* **Exercise goal**
Reproduce exactly, with no pictures, each line from the opening of the material down through the line containing "معلومات الملف: الصف".

------ Data below ------

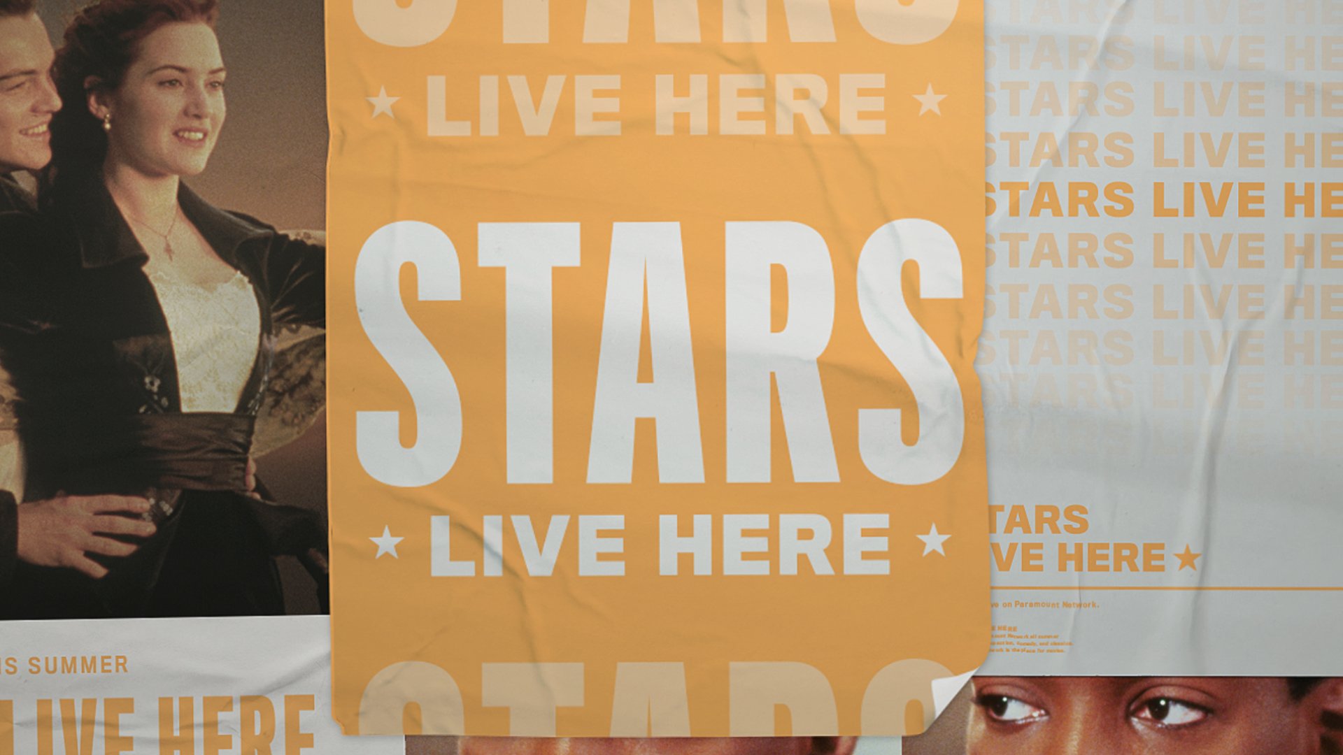 Inspired by a love for movie posters and typography, we built a sophisticated design system that combined these elements together into a ‘wild posting’ style graphics package. Graphics for Movies Live Here are color-coded by movie genre or theme: blue for Movies, red for Action, gold for Stars, yellow for Comedy, and purple for Classics. The posters are simple by design, utilizing basic shapes and type to evoke symbols of film, like movie tickets, filmstrips, spotlights, and more.
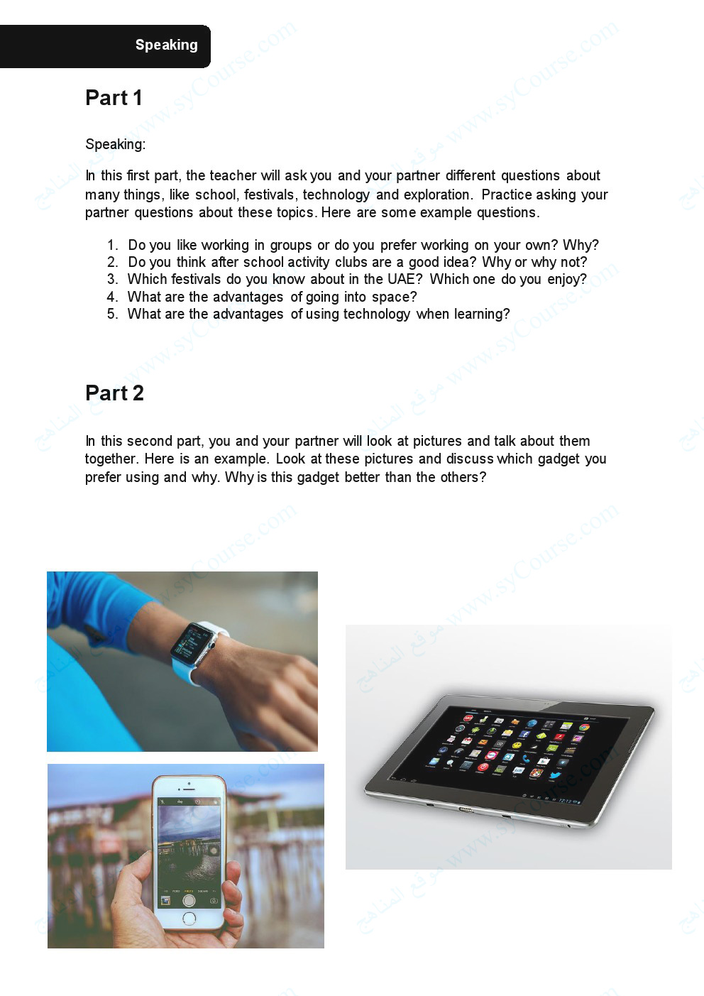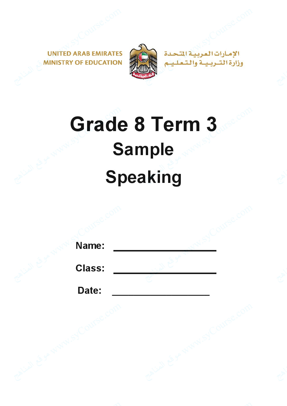 معلومات الملف: الصف الثامن, الفصل الثالث, لغة انكليزية, Grade 8 Term 3 Sample Speaking  | ||
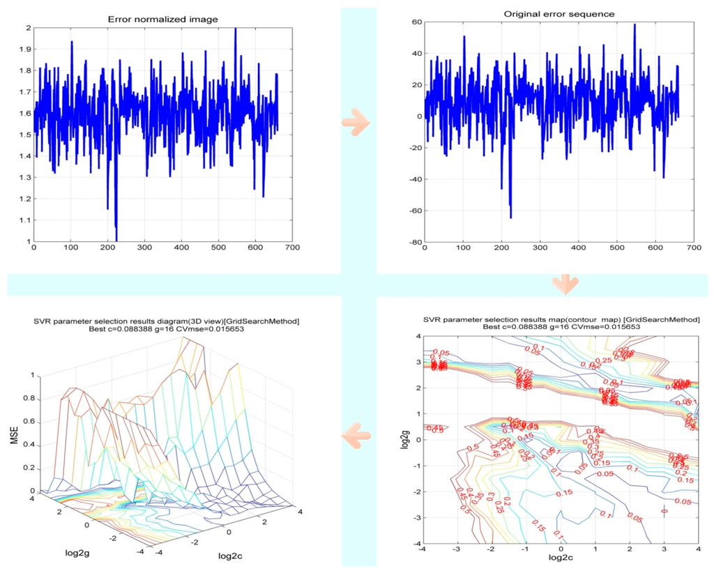 The prediction of the original sequence will produce a certain error. This study used the SVM method to predict the error term. Using the 1st to the 659th data points as the input values and the 2nd to the 660th data points as the output value, we obtained 60 error terms (). Cross validation was employed to optimize the parameters, and the final optimization results are g = 16, and c = 0.088388 (c is the penalty parameter of svmtrain, and g is the kernel function parameter). The process is shown in Figure 7. Finally, the predicted value of the original sequence was obtained by combining the prediction results of RBFN.
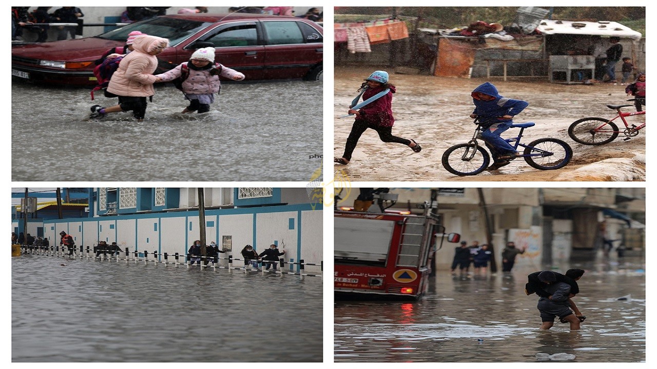 وغرق العديد من المنازل والشوارع في عدة مناطق في قطاع غزة، كما تدافعت مياه الأمطار للعديد من المدارس والمنشآت.

------

* **Output below**
 Inspired by a love for movie posters and typography, we built a sophisticated design system that combined these elements together into a ‘wild posting’ style graphics package. Graphics for Movies Live Here are color-coded by movie genre or theme: blue for Movies, red for Action, gold for Stars, yellow for Comedy, and purple for Classics. The posters are simple by design, utilizing basic shapes and type to evoke symbols of film, like movie tickets, filmstrips, spotlights, and more.
 معلومات الملف: الصف الثامن, الفصل الثالث, لغة انكليزية, Grade 8 Term 3 Sample Speaking  | ||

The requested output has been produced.